Sergueï lui adressa un regard dont le scepticisme correspondait assez bien à ce qu’elle ressentait. Surtout après le fiasco de l'A.S.
— Très bien. Mais sois prudente.
« Ça, partenaire adoré, c’est une petite phrase qui en dit long. Et à en juger par ton expression, tu le sais. »
— Sois tranquille.
Au moment où elle se levait pour s’en aller, elle se sentit soudain très mal à l’aise. Normalement, Avant (avec un grand A, sous-entendu : avant qu’ils aient couché ensemble), elle aurait fait son rapport, ils auraient papoté un peu, puis elle aurait repris son petit bonhomme de chemin et lui le sien. Normalement. A présent…
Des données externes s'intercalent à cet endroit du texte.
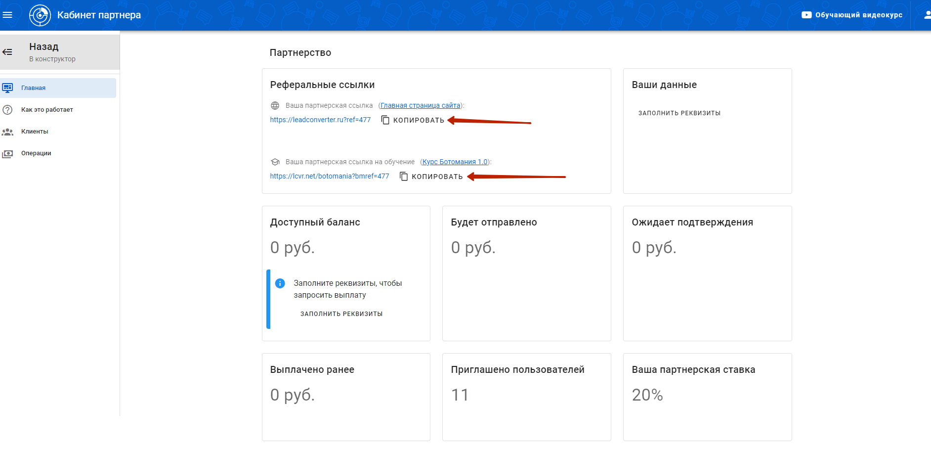 Если пользователь также зарегистрируется в [LeadConverter](https://leadconverter.ru/?utm_source=referral_doc) - он станет вашим рефералом.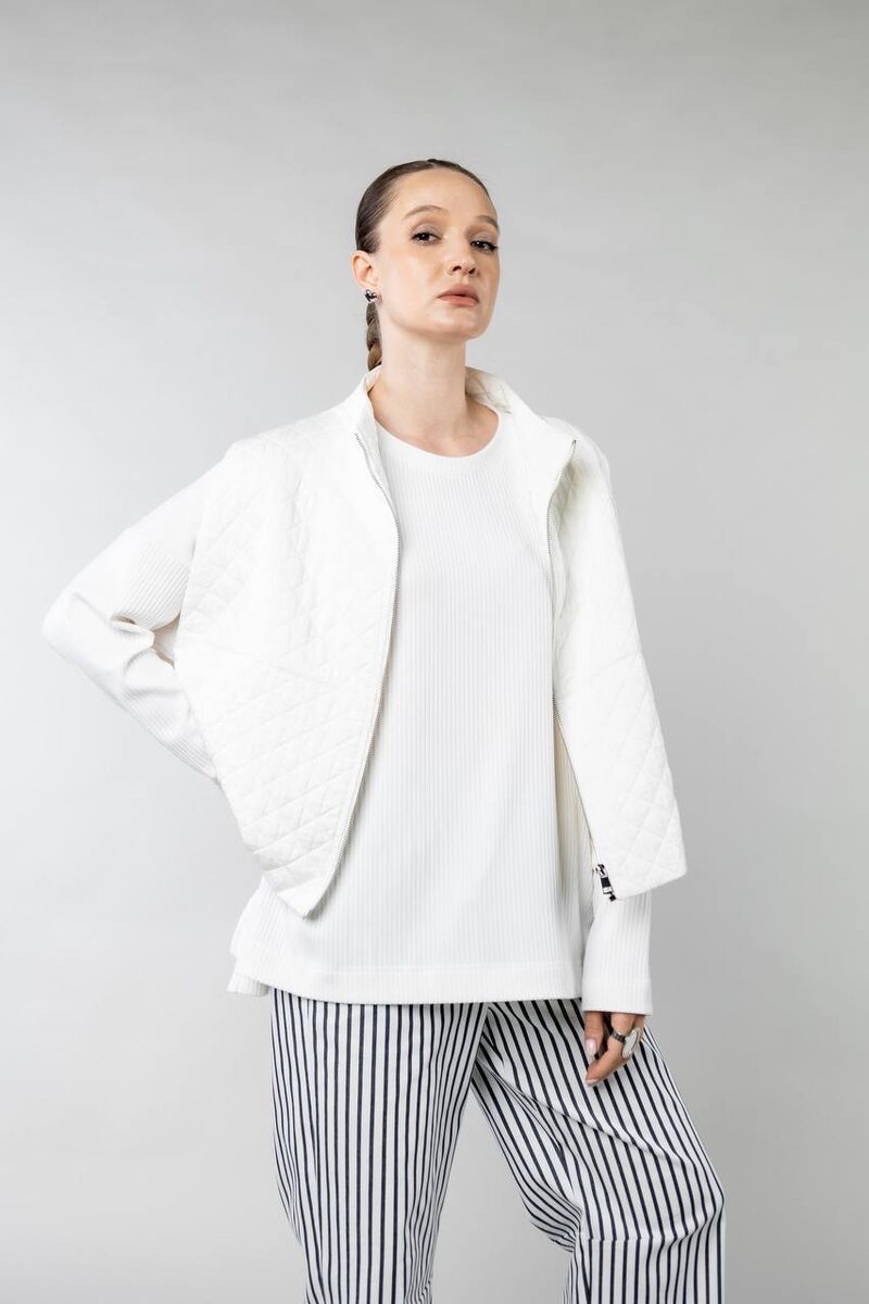 ▪️Укороченный жилет в белом цвете - удобный элемент гардероба. Он выполнен из ткани имитирующей стежку. Идеален, чтобы положить в свой шоппер и не переживать о смене погоды.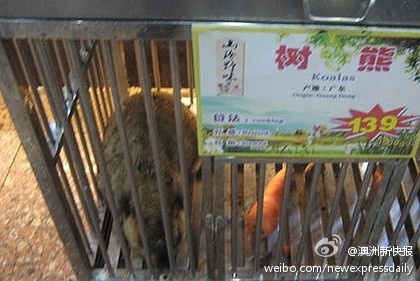 一位澳洲旅客声称,他在广东番禺某家饭馆就餐时,惊恐地发现他们竟然出售活着的考拉,并且在菜单上标注着“红烧”跟“清蒸”两种烹调方式。考拉的笼子上插着一张标签,表示这只考拉卖139元人民币一斤。 在 ...
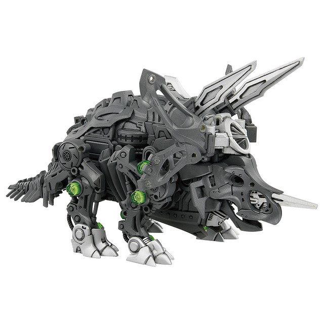 「ZW11 突擊三觭龍」是擅長用頭部三根角進行衝撞的三觭龍屬大型 ZOIDS,牠的裝甲擁有彈開敵人攻擊的強大防禦力,在「本能解放」後還能將藏於頭部的衝角瞬間彈出,使出強力的必殺技「力量衝擊」連續彈出兩次衝角擊穿對手。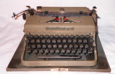 The alterations in the product line are confusing, but seem to center around the above mentioned change in 1952 and another in 1958. Some machines were larger in overall size, and alterations were made in keyboard arrangement. Key-set tab stops were also now available. At left, my Alpina, s/n 134,564 dating to 1958. There is now a small lever on the right side of the keyboard, barely visible in this shot; it is used to set and clear the tab stops remotely. It is a model SK24 -- the machine has changed, but the model designations have not. |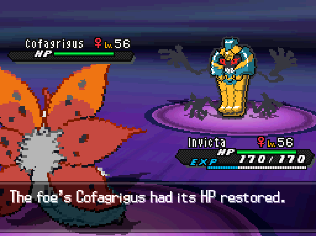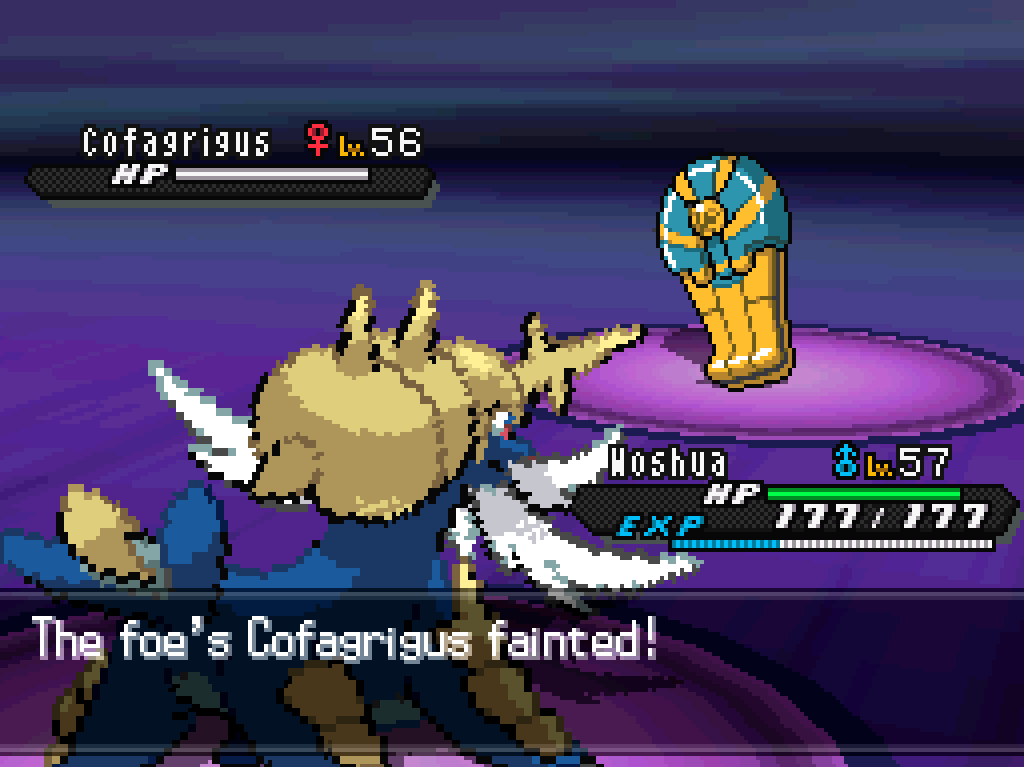 Cofagrigus’ epic physical defence is way too much for Aggron, especially once it’s been burned.  It takes another hyper potion to get Nefertiti through this, but it’s basically an easy fight.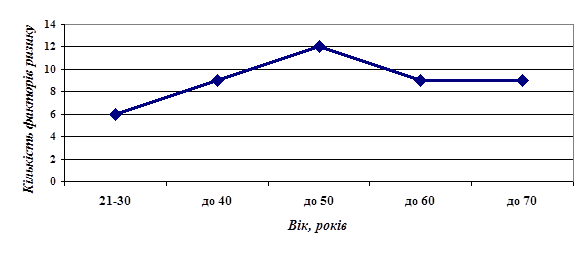 3. Проведений аналіз даних анкетного скринінгу показав накопичення факторів ризику з (20–30)- до (40–50)-річного віку, що свідчить про необхідність початку заходів вторинної профілактики з цього віку, а проведення селективного скринінгу – з 40 років. Доведено, що за допомогою опитування жінок згідно з розробленою анкетою формуються «групи ризику», вивчаються як індивідуальні фактори ризику, так і загальний стан здоров’я жінок регіону, розробляються заходи впливу на керовані та умовно керовані фактори ризику.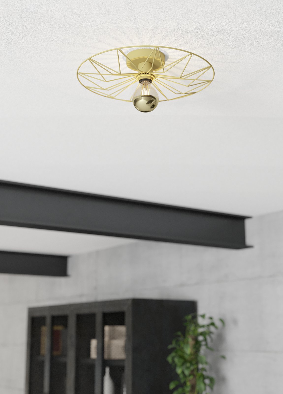 Designově zajímavá stropní svítidla (s možností umístění také na stěnu), vyrobená z oceli ve zlaté barvě. Jsou vhodná nejen do obývacích pokojů, ale také ložnic a předsíní. |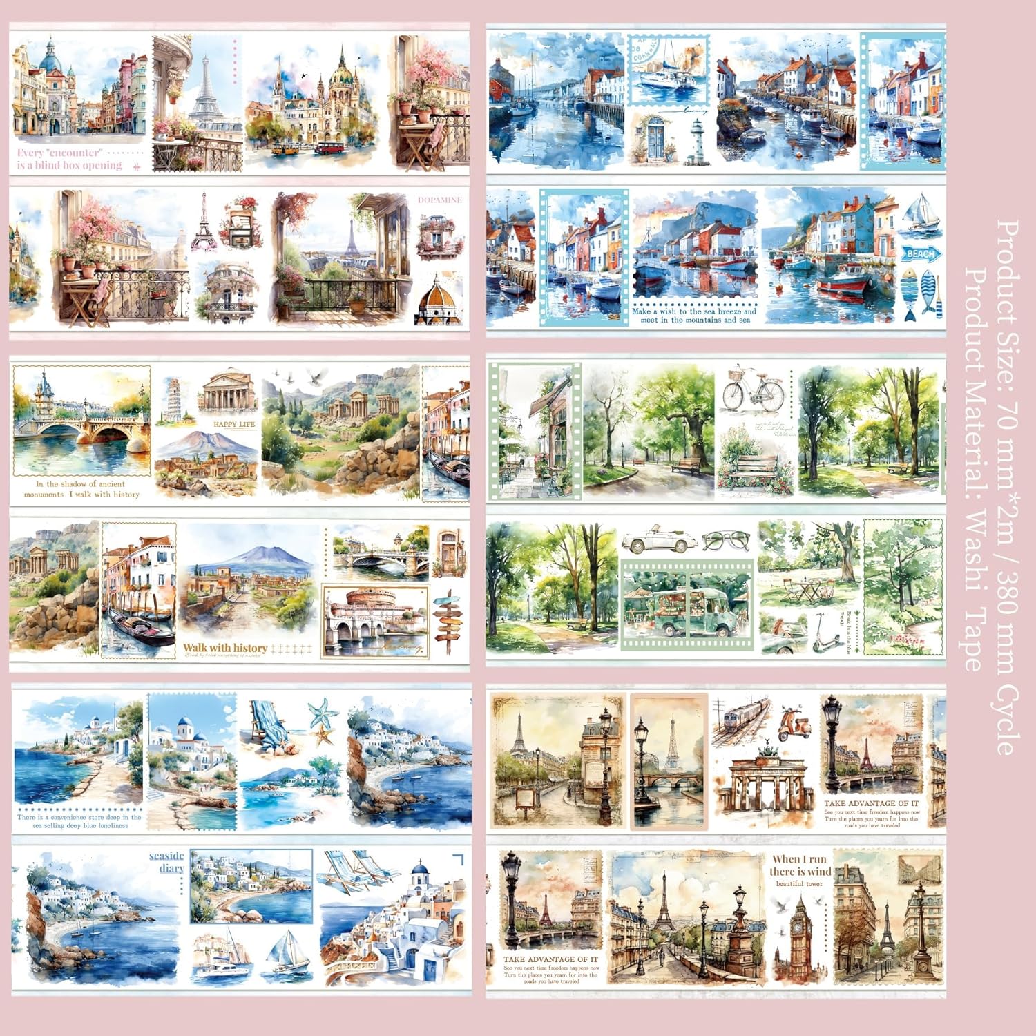 - Tape Sets:You'll receive 6 rolls landscape washi tape,each depicting a natural scene from the world,which elements of ancient cities, islands, parks, etc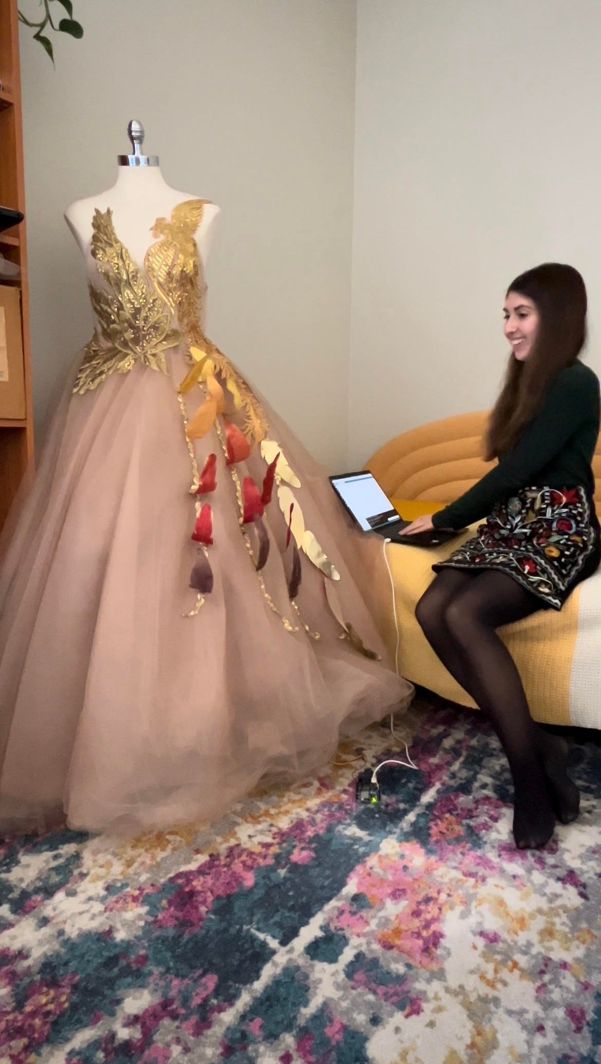 As a concrete example, we could talk through what I recently made for the Chicago Public Library. I was their maker in residence, which including making a window display for their State Street Library branch. I made a phoenix-inspired dress, with phoenix feathers that oscillate between the colors of the flames and gold to give the impression of burning. That's a nod to some Chicago history. I love starting with whimsy, fantasy-inspired designs because to me, that's what technology is. It's a vehicle for almost magic. A lot of my designs are inspired by “if we lived in a magical world, what would the villain or the wizard wear?”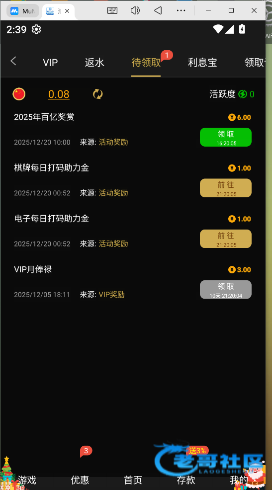 262.com,领过双12号彩金充值过的应该都有,没充值的无视,我上次充值是12号充值的,领取没要求,我打出来了,10起提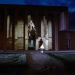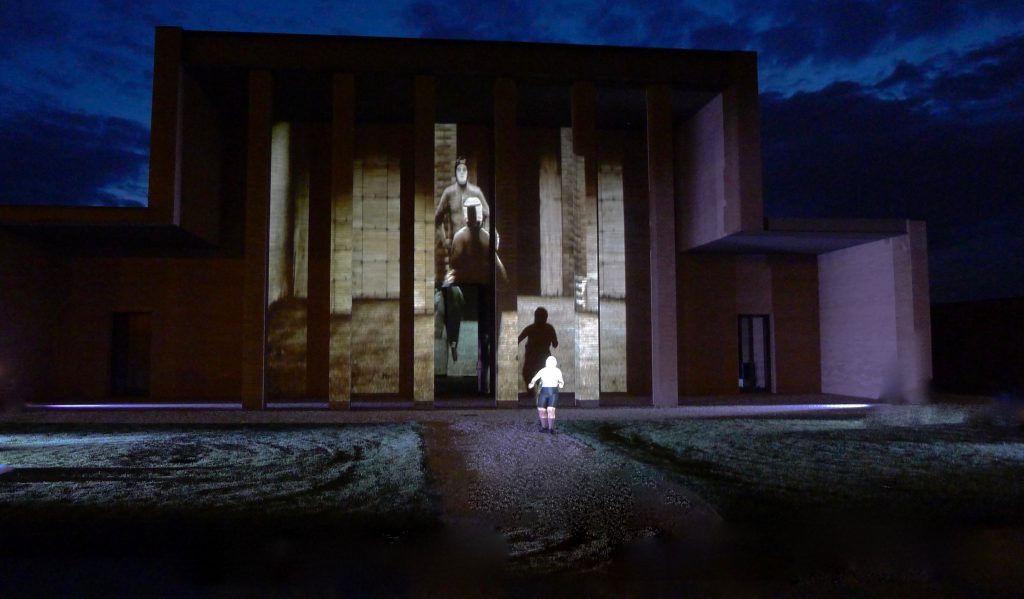 La nuova installazione trova luogo in un palazzo che comprende tutti e quattro i temi: l’imponente Tempio della Cremazione di Valera (Parma), con interni ed esterni per la follia più grandiosa, il passo più importante, un nuovo palazzo di Atlante dell’illusione conclamata e poi svelata, cioè la vita vera, dove paladini e donne in fuga non si riconoscono l’un l’altro se non nel reciproco trapasso, nell’incessante “cercare senza mai trovare“, con gli occhi sulla Luna a guardarsi sulla Terra a dimenarsi invano.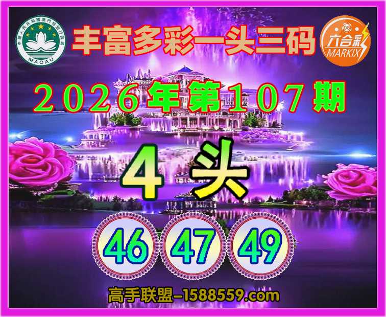 107期:【丰富多彩】 ♣️一头三码♣️【4头主:46.47.49】开:马49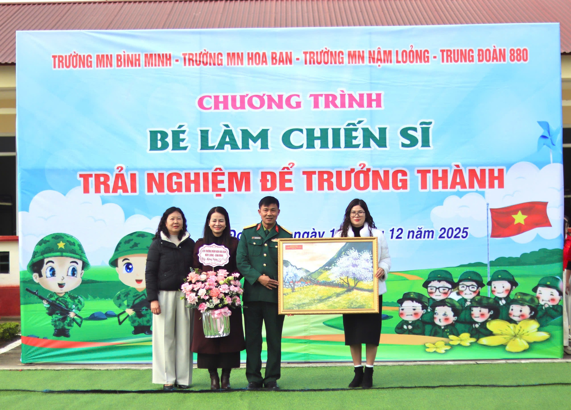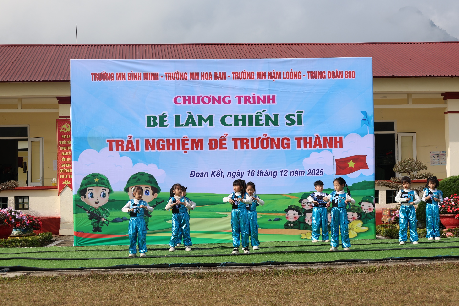 Sáng 16/12, tại Trung đoàn 880, liên Trường Mầm non Hoa Ban - Bình Minh - Nậm Loỏng phối hợp với Trung đoàn 880 (Bộ Chỉ huy Quân sự tỉnh), tổ chức Chương trình Bé làm chiến sĩ trải nghiệm để trưởng thành. Đây là hoạt động hướng tới chào mừng 81 năm Ngày thành lập Quân đội Nhân dân Việt Nam (22/12/1944 - 22/12/2025).

— Ah, je dois prendre un verre avec un représentant ce soir. Je rentrerai sans doute tard, alors tiens-moi au courant pour demain, O.K. ?
Il était déjà reparti derrière son bureau, aussi bien mentalement que physiquement. Wren déglutit pour chasser la boule douloureuse, totalement inattendue, qui lui obstruait la gorge. Eh quoi ? Elle voulait qu’il lui souhaite une bonne journée d’une autre façon ? Ils avaient eu tout un week-end ensemble, deux longs voyages en avion, puis une semaine à partager le même lit… Ce n’était pas comme s’il lui avait dit : « Merci, c’était super, maintenant dégage. » Ni même : « J’ai besoin d’un peu d’espace, tu comprends ? ». Elle avait du pain sur la planche, qu’ils ne pouvaient pétrir à deux, point final. Il ne la mettrait pas à la porte.
— D’accord, donc à demain, répondit-elle, fière du ton normal et assuré de sa voix.
La grimace qu’elle adressa à Lowell en sortant lui fut rendue avec d’autant moins de retenue qu’il n’y avait cette fois personne dans la galerie. Elle se sentit mieux. Avec sa gueule d’amour, il n’était vraiment qu’un petit con obséquieux.
Mais dès l’instant où elle fut sur le trottoir, toutes ses bonnes dispositions à l’égard de l’humanité s’évanouirent. Le soleil vibrait dans un ciel couleur ardoise sans l’ombre d’un nuage, et elle sentit la sueur perler sur son front et dans son cou avant même de se mettre en route. La robe de rayonne et les sandales, qui lui semblaient si confortables ce matin, auraient pu être en toile à sac, vu la fraîcheur qu’elles lui apportaient. Pour couronner le tout, au moment où elle atteignait l’arrêt du bus, le délicat arôme de détritus pourrissants, inévitable en été, lui sauta au nez et fouetta ses sinus.
La fréquence de ramassage des résidus urbains semblait être le cadet des soucis de la ville. Quand bien même elle ne vit aucune poubelle autour d’elle, rien que des vitrines de magasins et un trottoir recuit, l’odeur lourde, putride, était inévitable.
Sa mère lui avait parlé de la fameuse grève des éboueurs des années 1970. Sa peau se hérissa à la simple idée de passer une seule journée dans de telles conditions.
Dieu merci, le bus se présenta bientôt, et elle put échanger ces relents fétides contre un stimulant bain de foule dans un air cent fois recyclé et à peine moins suffocant.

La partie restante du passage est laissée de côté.